Não estamos falando aqui de um herói clássico e ilibado. Pelo contrário: em meio à toda a questão envolvendo o que passamos a chamar de “Sportswashing” (ou seja: o uso de uma ferramenta esportiva, no caso um clube de futebol, para melhorar a imagem manchada de um indivíduo, grupo ou estado-nação), Roman Abramovich pode tranquilamente ser considerado um vilão.
A não ser que você seja um torcedor do Chelsea, claro.
Olhando apenas para as emoções que um esporte como o futebol pode gerar, dentro da superficialidade profunda (ou seria profunda superficialidade?) que envolve a relação de uma torcida com seu próprio clube, Abramovich deixa Stamford Bridge com ares até mesmo de herói.
O bilionário russo não comprou apenas o Chelsea, mas também a sua idolatria perante uma torcida que passou a se acostumar com uma realidade de títulos que não fazia parte de sua vida nos 98 anos anteriores à aquisição de Abramovich. E não tenha dúvida: ele só está vendendo o clube, não a idolatria adquirida de 2003 pra cá através de contratações milionárias e títulos como o da Champions League.

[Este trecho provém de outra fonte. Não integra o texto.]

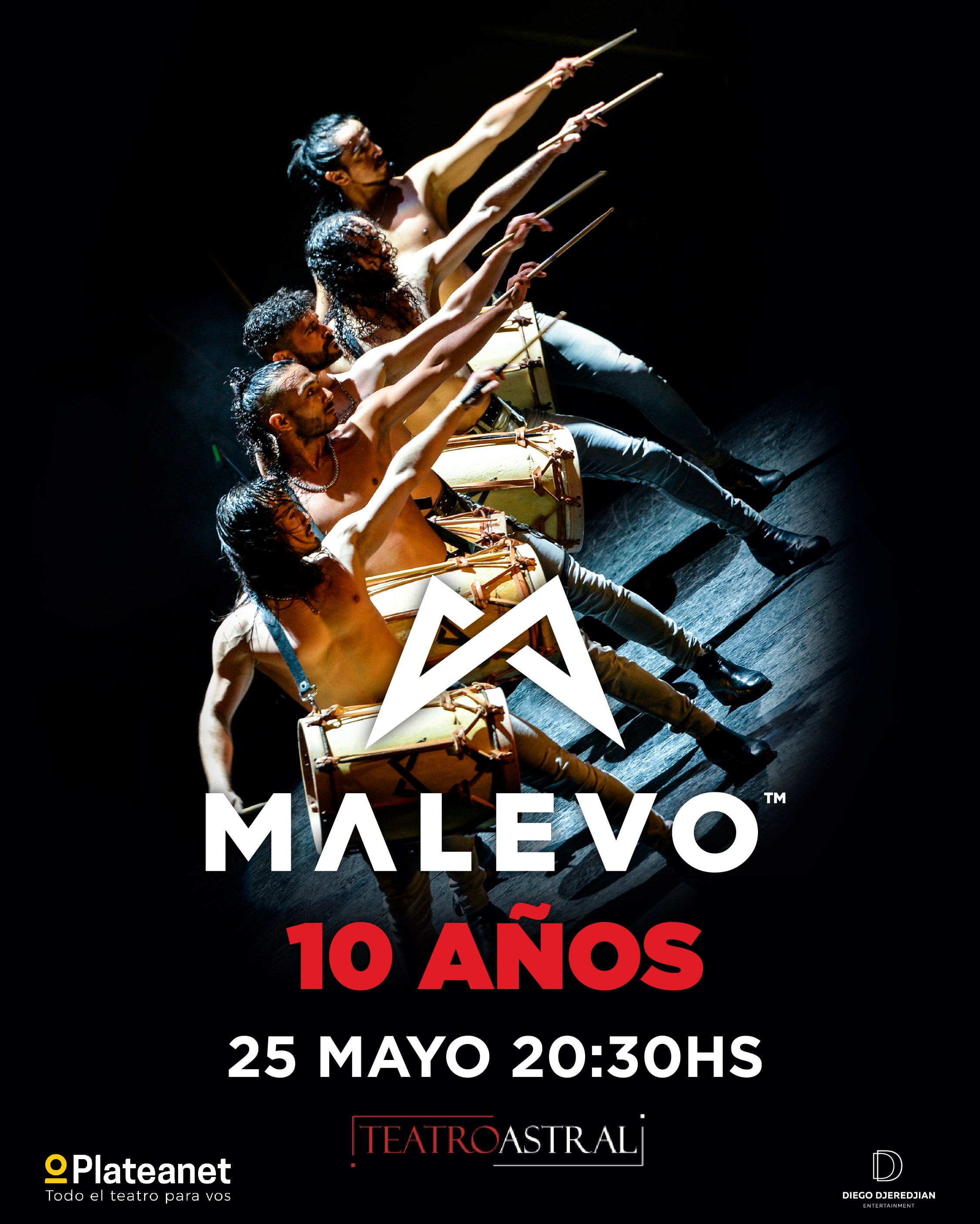 La reconocida agrupación MALEVO hace una pausa en su recorrido por los escenarios del mundo para celebrar su primera década de historia en el país. Creada por el director, coreógrafo y bailarín Matías Jaime, la compañía agrega una nueva función debido al éxito de la temporada 2026: 25 de mayo a las 20:30 hs en el emblemático Teatro Astral de la Ciudad de Buenos Aires. MALEVO ha logrado llevar el Malambo, la danza folclórica tradicional argentina, más allá de sus límites convencionales. Con un enfoque moderno, vanguardista y transgresor, la propuesta fusiona la destreza y virilidad del zapateo con otros estilos como el flamenco y la percusión urbana, creando un lenguaje visual y sonoro que ha cautivado a audiencias globales. Un recorrido de prestigio mundialNombrados "Embajadores Culturales de la Identidad Nacional Argentina", los integrantes de MALEVO regresan al país precedidos por una trayectoria que incluye hitos en las principales capitales del mundo: - Presentaciones en ciudades como Las Vegas, Nueva York, Dubái, París, El Cairo, San Petersburgo y Montreal.
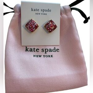 Kate Spade Earrings square pink red multi sparkle. Perfect for Holiday Christmas
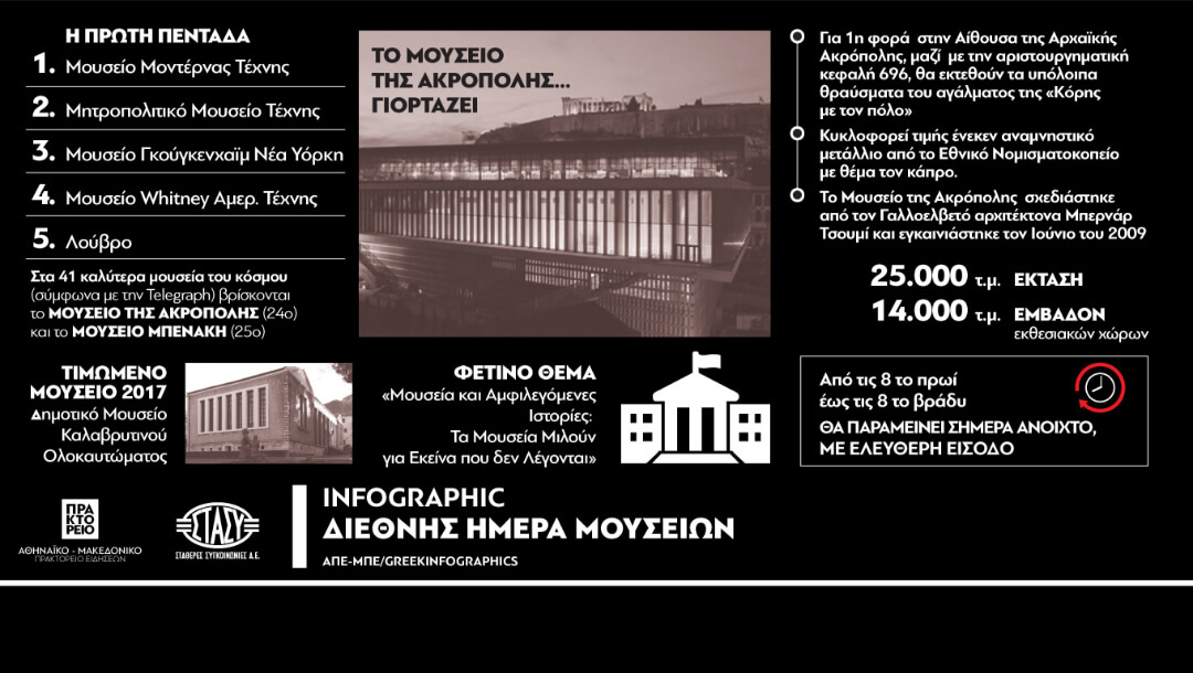 Με ελεύθερη είσοδο θα λειτουργούν τα μουσεία της χώρας σήμερα, Πέμπτη 18 Μαΐου, ημερομηνία που γιορτάζεται κάθε χρόνο η Διεθνής Ημέρα Μουσείων.

Antes de Abramovich o Chelsea tinha dez troféus, desconsiderando duas conquistas de segunda divisão. Depois de Abramovich os Blues somaram 21 taças, incluindo aí duas Champions League inéditas – para o clube e também para a cidade de Londres. Se antes dele as prateleiras do Stamford Bridge exibiam apenas um título do campeonato inglês, de 2003 até hoje o clube londrino levantou cinco vezes a taça da Premier League. Deixou de ser um time apenas tradicional, que atraía parte do cenário artístico de Londres, para se transformar em uma potência mundial com fãs espalhados em todo o mundo.
É muita coisa.
Isso também diz muito sobre a forma como a maior parte dos torcedores lida com seu próprio clube.
Evidente que você vai encontrar gente do Chelsea criticando Abramovich ou fãs do Manchester City que não suportam serem controlados pelo fundo dos Emirados Árabes, mas eles são a grande minoria. Exceções que comprovam a regra, mentes iluminadas e vacinadas contra a pandemia eterna do clubismo.
A imagem de Abramovich poderia sofrer um baque perante a torcida do Chelsea se o bilionário russo se recusasse a vender o clube, mesmo em meio a risco de sanções que afetariam a vida da equipe de futebol, ou se fosse na contramão do que a maior parte da política internacional tem feito e abraçasse publicamente o seu conhecido Vladimir Putin.
Se Abramovich vai abraçar Putin, ainda que às escondidas, ninguém sabe, mas publicamente a sua carta de despedida como dono do Chelsea fala em doar valores arrecadados com a venda do clube para “todas as vítimas da guerra na Ucrânia”.
Abramovich também falou que, para ele, a relação com os Blues “nunca foi sobre o dinheiro, mas sim por pura paixão pelo futebol e pelo clube”. É o que basta para o torcedor, porque é o que o torcedor deseja ouvir para defender seu time de críticas e demais ataques. Resumindo: é o que legitima a sua opinião.
A visão posta neste texto não quer exaltar o tipo de pessoa que só concorda com o que deseja ouvir – longe disso. Mas seria tapar o sol com a peneira não considerar que, hoje, esta é a realidade mundo afora quando falamos em fanatismos. E torcedores de futebol são, em sua maioria, fanáticos por seu clube.
É mais fácil escrever isso sobre algo ligado ao futebol inglês do que a respeito de um clube brasileiro, claro. Mas a realidade das SAF, que já começou a invadir nosso país, vai levantar futuramente este tipo de debate de ocasião em ocasião.
É obrigatório pedir que entidades se atentem à origem do dinheiro que chega ao futebol. É preciso se manter vigilante contra o “Sportswashing”, mas achar que será fácil convencer a maior parte do torcedor fanático pelo seu clube, que só quer comemorar gols e títulos, de que o mecenas que eventualmente lhe deu tantas alegrias é um vilão soa como algo fantasioso. Este torcedor fanático vai, na melhor das hipóteses, ignorar o fato.
Getty ImagesHá tempos a torcida do Chelsea exibe, dentro do Stamford Bridge, uma faixa com os dizeres “Roman Empire”. A tradução literal faz referência ao Império Romano, mas é uma óbvia homenagem a Roman Abramovich. E, pode apostar, esta faixa seguirá lá mesmo que Roman Abramovich não esteja lá em pessoa.